A tuple space is a tuple of several (possibly multidimensional) action/observation spaces. For our purposes, a tuple space is necessarily multidimensional.

Returns:
  • tuple_action (bool) – Whether the env’s action space is an instance of gym.spaces.Tuple or gym.spaces.Dict.
  • tuple_obs (bool) – Whether the env’s observation space is an instance of gym.spaces.Tuple or gym.spaces.Dict.
numpy_ml.rl_models.rl_utils.is_multidimensional(env)[source]

Check if the action and observation spaces for env are multidimensional or Tuple spaces.

Notes

A multidimensional space is any space whose actions / observations have more than one element in them. This includes Tuple spaces, but also includes single action/observation spaces with several dimensions.

Parameters:env (gym.wrappers or gym.envs instance) – The environment to evaluate.
Returns:
  • md_action (bool) – Whether the env’s action space is multidimensional.
  • md_obs (bool) – Whether the env’s observation space is multidimensional.
  • tuple_action (bool) – Whether the env’s action space is a Tuple instance.
  • tuple_obs (bool) – Whether the env’s observation space is a Tuple instance.
numpy_ml.rl_models.rl_utils.is_continuous(env, tuple_action, tuple_obs)[source]

Check if an env’s observation and action spaces are continuous.

Parameters:
  • env (gym.wrappers or gym.envs instance) – The environment to evaluate.
  • tuple_action (bool) – Whether the env’s action space is an instance of gym.spaces.Tuple or gym.spaces.Dict.
  • tuple_obs (bool) – Whether the env’s observation space is an instance of gym.spaces.Tuple or gym.spaces.Dict.
Returns:

  • cont_action (bool) – Whether the env’s action space is continuous.
  • cont_obs (bool) – Whether the env’s observation space is continuous.

numpy_ml.rl_models.rl_utils.action_stats(env, md_action, cont_action)[source]

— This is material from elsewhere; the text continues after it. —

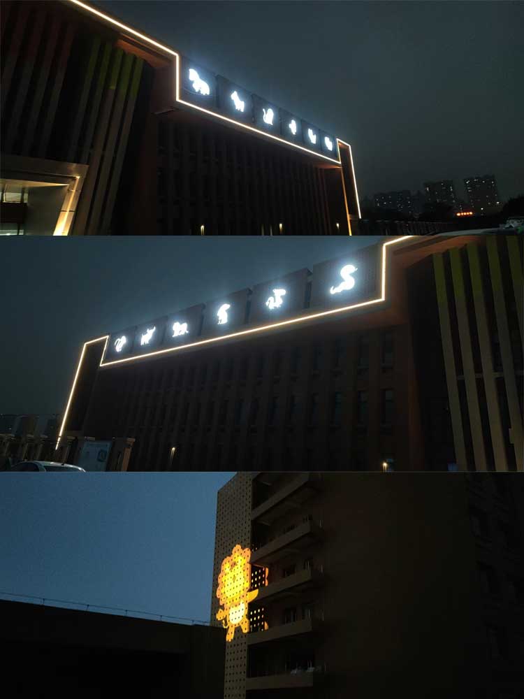 簡介—— 西安市兒童福利院亮化工程,主要是采用線條燈對(duì)樓體的頂部和側(cè)面輪廓進(jìn)行勾勒,主樓安裝十二生肖發(fā)光造型,側(cè)墻采用圖案燈進(jìn)行動(dòng)畫投影,打出絢麗多彩的動(dòng)畫卡通人物,與建筑的實(shí)用完整結(jié)合。

Get information on env’s action space.

Parameters:
  • md_action (bool) – Whether the env’s action space is multidimensional.
  • cont_action (bool) – Whether the env’s action space is continuous.
Returns:

  • n_actions_per_dim (list of length (action_dim,)) – The number of possible actions for each dimension of the action space.
  • action_ids (list or None) – A list of all valid actions within the space. If cont_action is True, this value will be None.
  • action_dim (int or None) – The number of dimensions in a single action.

numpy_ml.rl_models.rl_utils.obs_stats(env, md_obs, cont_obs)[source]

Get information on the observation space for env.

Parameters:
  • env (gym.wrappers or gym.envs instance) – The environment to evaluate.
  • md_obs (bool) – Whether the env’s action space is multidimensional.
  • cont_obs (bool) – Whether the env’s observation space is multidimensional.
Returns:

  • n_obs_per_dim (list of length (obs_dim,)) – The number of possible observation classes for each dimension of the observation space.
  • obs_ids (list or None) – A list of all valid observations within the space. If cont_obs is True, this value will be None.
  • obs_dim (int or None) – The number of dimensions in a single observation.

numpy_ml.rl_models.rl_utils.env_stats(env)[source]

Compute statistics for the current environment.

Parameters:env (gym.wrappers or gym.envs instance) – The environment to evaluate.
Returns:env_info (dict) – A dictionary containing information about the action and observation spaces of env.